"Let $T$ be a projection operator on a finite dimensional inner product space $V$ such that $\|T(x)\| \leq \|x\|$ for all $x \in V$. Prove that $T$ is an orthogonal projection."
If I try to prove this by way of contradiction, what is the particular element in $V$ that I can take such that the given inequality doesn't hold? Any other way of solving this problem is also welcome.
Let $W = \ker(T)$ and $U = \operatorname{im}(T)$ so that $V = W \oplus U$ (because $T$ is a projection). To prove that $T$ is orthogonal, it is enough to show that $U \subseteq W^{\perp}$ because $\dim U = \dim V - \dim W = \dim W^{\perp}$ so if $U \subseteq W^{\perp}$ then $U = W^{\perp}$.
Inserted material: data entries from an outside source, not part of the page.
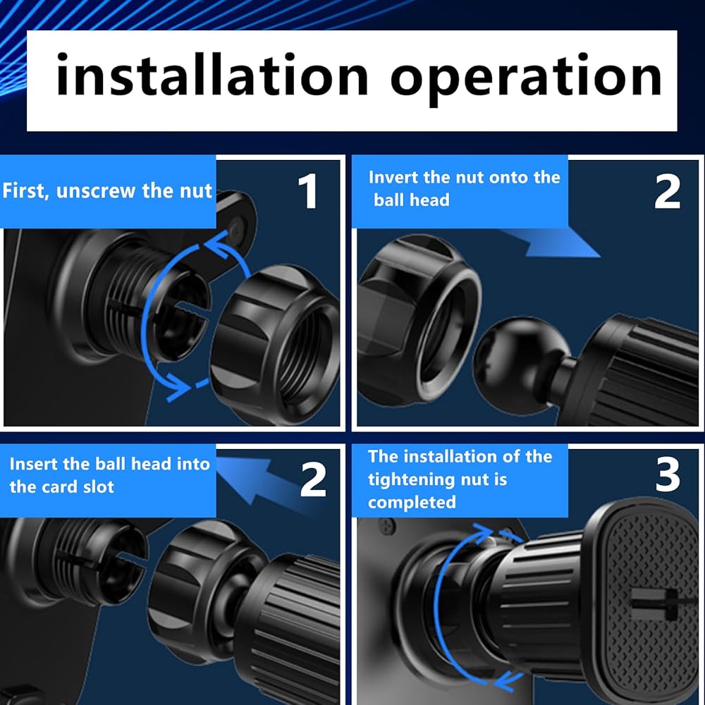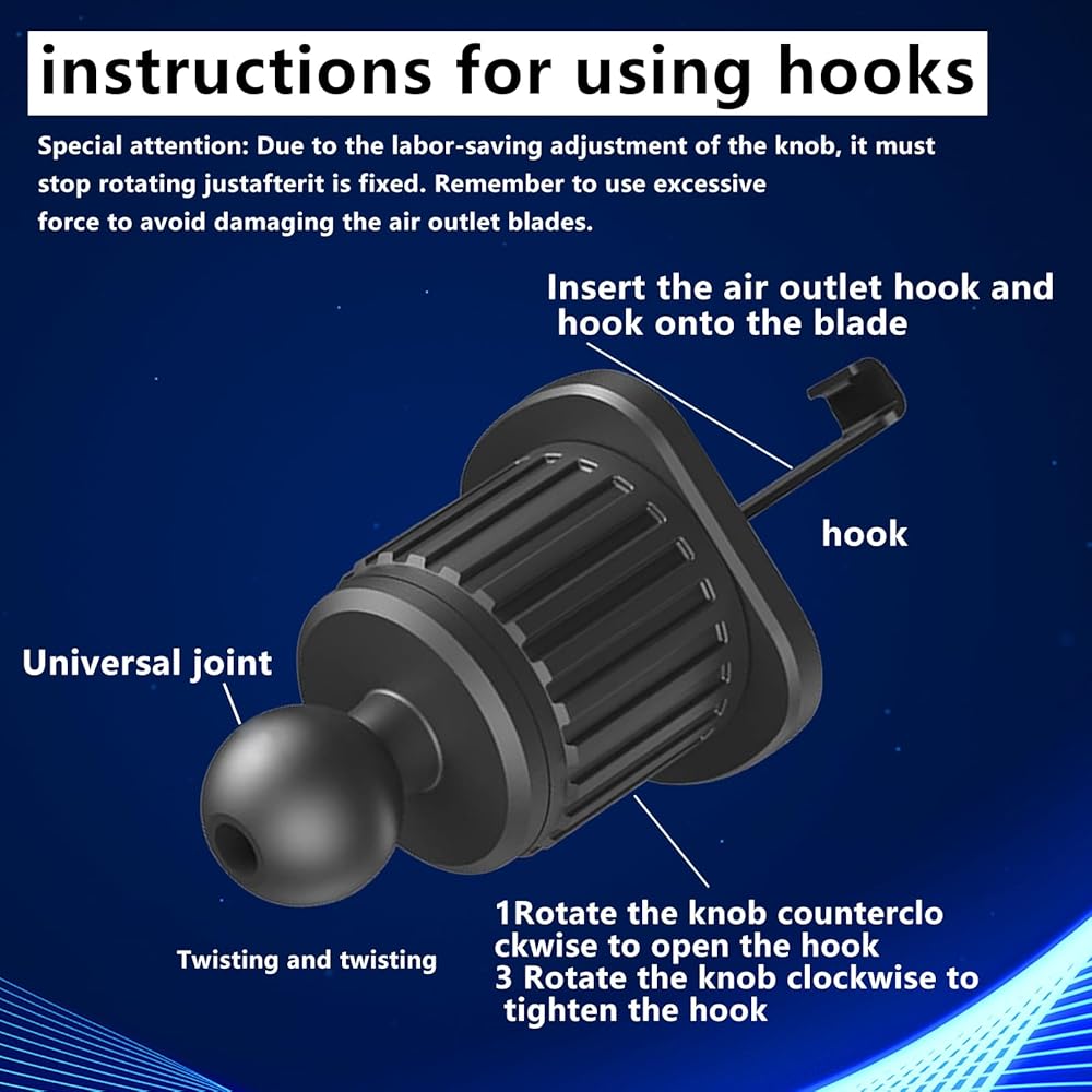 • Quick Installation: Firstly, unscrew the nut and put it upside down on the ball head. Secondly, insert the ball head into the card slot and tighten the nuts. Then, insert the metal hook into the car air outlet to make it hook onto the blades. Finally, turn the rotating knob clockwise to tighten the hook to complete the installation.
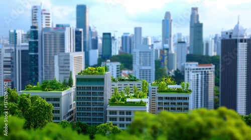 Obraz premium A city skyline featuring green-roofed buildings amidst a modern urban landscape, showcasing a blend of nature and architecture.
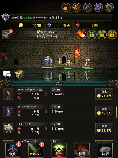 ・クエストを強化して、なにもせずにコインを集める放置要素
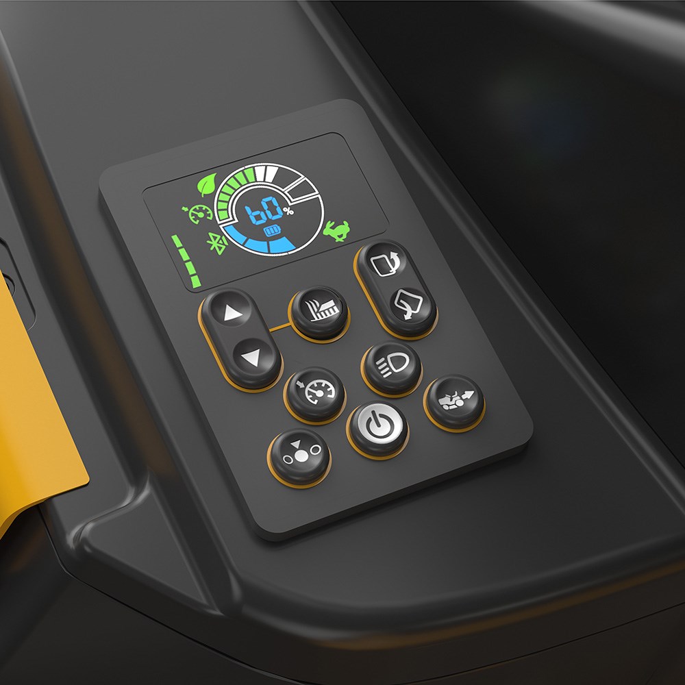 Hjertet i Estate 798e er det helt nye batteri på 64Ah og ligeledes et nyt motorsæt, som hæver effekten fra de 2.000W på e-Ride C500 og S500 til nu 3.200W. Det giver mere power og muligheden for at køre med et klippebord på hele 98 cm. Samtidigt får du ekstra features på den store, indbyggede opsamler på Estate 798e. For første gang på de elektriske modeller er der elektrisk tømning af opsamleren, og takket være den ekstra bredde på klippebordet klarer du nemt helt op til 7.000 m2.
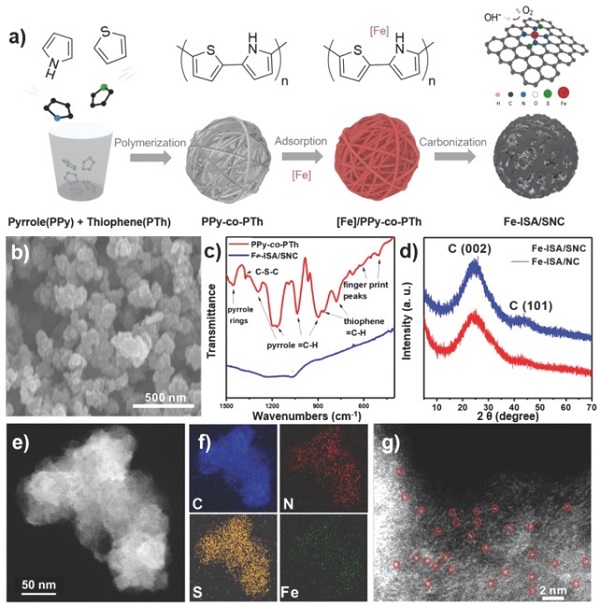 图1 a) Fe – ISA/SNC的合成过程的示意图。b) PPy-co-PTh 聚合物的SEM图像。c) PPy – co – PTh和Fe – ISA/SNC的红外光谱。d) Fe – ISA/SNC和Fe – ISA/NC的XRD谱。e) Fe – ISA/SNC的HAADF – STEM图像以及(f)对应的Fe(绿色)、C(蓝色)、N(红色)和S(橙色)元素分布图。g) Fe – ISA/SNC的高分辨HAADF – STEM图像。红圈突出显示单个Fe原子。
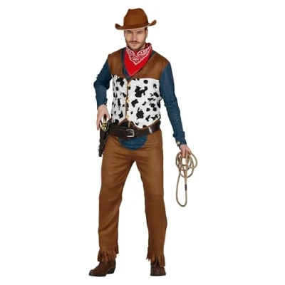 CONTENTS of Western Cowboy Costume: T-shirt with vest, trousers with belt. NOT INCLUDED: cowboy hat, any further accessories. COSTUME SIZE GUIDE: Men L 42-44 APPROXIMATE COSTUME DIMENSIONS: Chest 40"- 42" Waist 36"-37" Hips 42"- 44" MATERIALS: This fancy dress is made of polyester and conforms to all safety standards FIESTAS GUIRCA: a great choice for your fancy dress or theme party, Manufacturer: FIESTAS GUIRCA
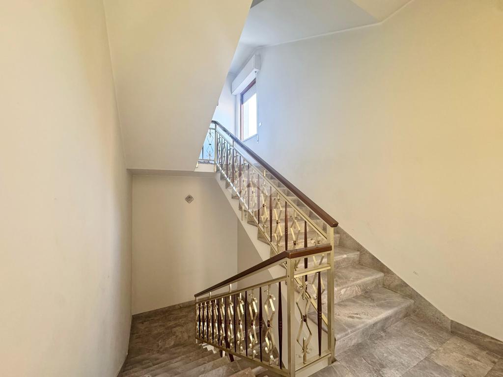 L'appartamento si sviluppa al primo piano con una metratura di ca 190 mq. Entrando, si è accolti da un ingresso che conduce a un luminoso soggiorno e a una sala da pranzo con cucinotto annesso. Da qui si accede a un balcone che offre uno spazio esterno piacevole. L'appartamento dispone di quattro camere da letto, tre delle quali vantano un balcone privato, garantendo così una buona illuminazione naturale e una ventilazione ottimale. Completano la proprietà due bagni finestrati, fornendo comfort e praticità per una famiglia numerosa.

Let $u \in U$ and $w' \in W$. Decompose $u$ as $u = w + w^{\perp}$ for $w \in W$ and $w^{\perp} \in W^{\perp}$. Then
$$ \| w \|^2 + \| w^{\perp} \|^2 = \| u \|^2 = \| Tu \|^2 = \| Tw^{\perp} \|^2 \leq \| w^{\perp} \|^2 $$
which implies that $\| w \|^2 = 0$ so $w = 0$ and $u = w^{\perp} \in W^{\perp}$.